Tanaka K
Laboratory for Neural Networks, Institute of Physical and Chemical Research (RIKEN), Saitama, Japan.
Brain Res Mol Brain Res. 1994 Jan;21(1-2):167-70. doi: 10.1016/0169-328x(94)90390-5.
Pharmacological properties of a cDNA clone encoding a high affinity, Na(+)-dependent L-glutamate transporter (GluT-1) were examined using Xenopus oocytes. L-[3H]glutamate transport was inhibited by the putative endogenous substrates L-aspartate (Ki = 65 microM) and L-glutamate (Ki = 70 microM). L-Homocysteate did not significantly inhibit high-affinity glutamate transport (Ki = 2.7 mM). Of the previously identified uptake inhibitors, DL-threo-beta-hydroxyaspartate (Ki = 65 microM), L-cysteine sulfinate (Ki = 80 microM), beta-glutamate (Ki = 475 microM) and L-aspartate-beta-hydroxamate (Ki = 950 microM) inhibited L-glutamate uptake. The other L-glutamate uptake blockers examined, including dihydrokainate, L-alpha-aminoadipate and SITS, weakly inhibited uptake of L-glutamate with Ki values in excess of 1 mM. These features of the inhibitor sensitivities of GluT-1 transport show that GluT-1 is less sensitive to these agents than previously characterized glutamate transporters in rat brain, suggesting that GluT-1 is a novel glutamate transporter with a unique pharmacologic profile.
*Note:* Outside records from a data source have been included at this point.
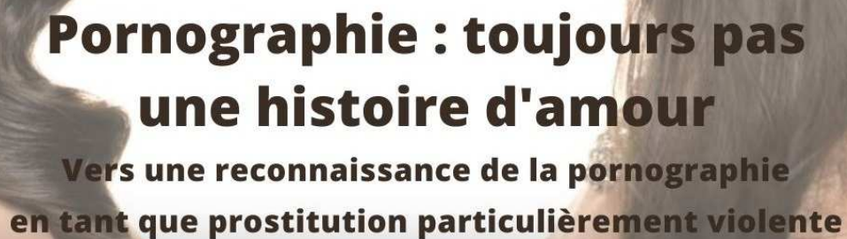
Image : ©Prix de la Fondation Scelles, « Coexistence » par Nora Hegedus, Prix du Jury 2014

Cet article est tiré du 5 ème Rapport mondial : « Système prostitutionnel : Nouveaux défis, nouvelles réponses », Fondation Scelles, Paris, 2019.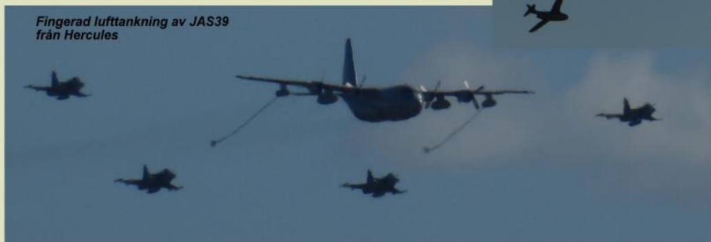
Fingerad lufttankning av JAS39 från Hercules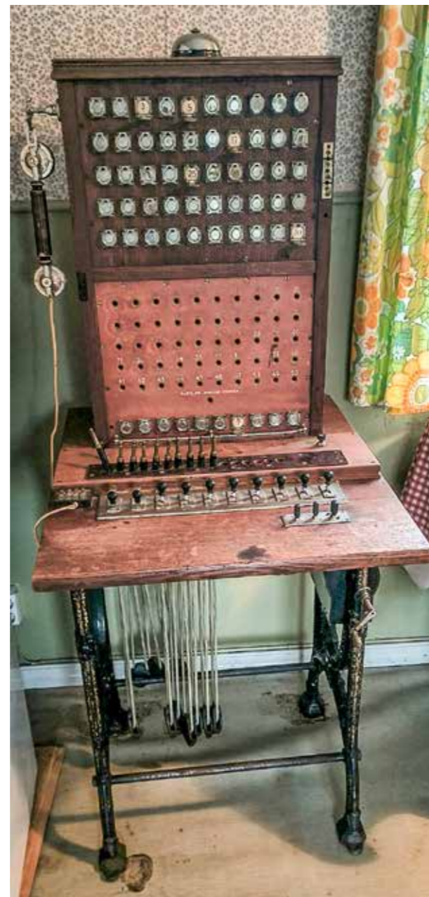
Lierannan vanha keskuspöytä.

Kirjoitus on alun perin julkaistu Viestimies-lehden numerossa 4/2002.

利用非洲爪蟾卵母细胞研究了编码高亲和力、钠离子依赖性L-谷氨酸转运体(GluT-1)的cDNA克隆的药理学特性。L-[3H]谷氨酸转运受到假定的内源性底物L-天冬氨酸(Ki = 65微摩尔)和L-谷氨酸(Ki = 70微摩尔)的抑制。L-高半胱氨酸对高亲和力谷氨酸转运没有显著抑制作用(Ki = 2.7毫摩尔)。在先前鉴定的摄取抑制剂中,DL-苏式-β-羟基天冬氨酸(Ki = 65微摩尔)、L-半胱氨酸亚磺酸盐(Ki = 80微摩尔)、β-谷氨酸(Ki = 475微摩尔)和L-天冬氨酸-β-异羟肟酸(Ki = 950微摩尔)抑制L-谷氨酸摄取。所检测的其他L-谷氨酸摄取阻滞剂,包括二氢海人藻酸、L-α-氨基己二酸和SITS,对L-谷氨酸摄取的抑制作用较弱,Ki值超过1毫摩尔。GluT-1转运抑制剂敏感性的这些特征表明,GluT-1对这些药物的敏感性低于大鼠脑中先前表征的谷氨酸转运体,提示GluT-1是一种具有独特药理学特征的新型谷氨酸转运体。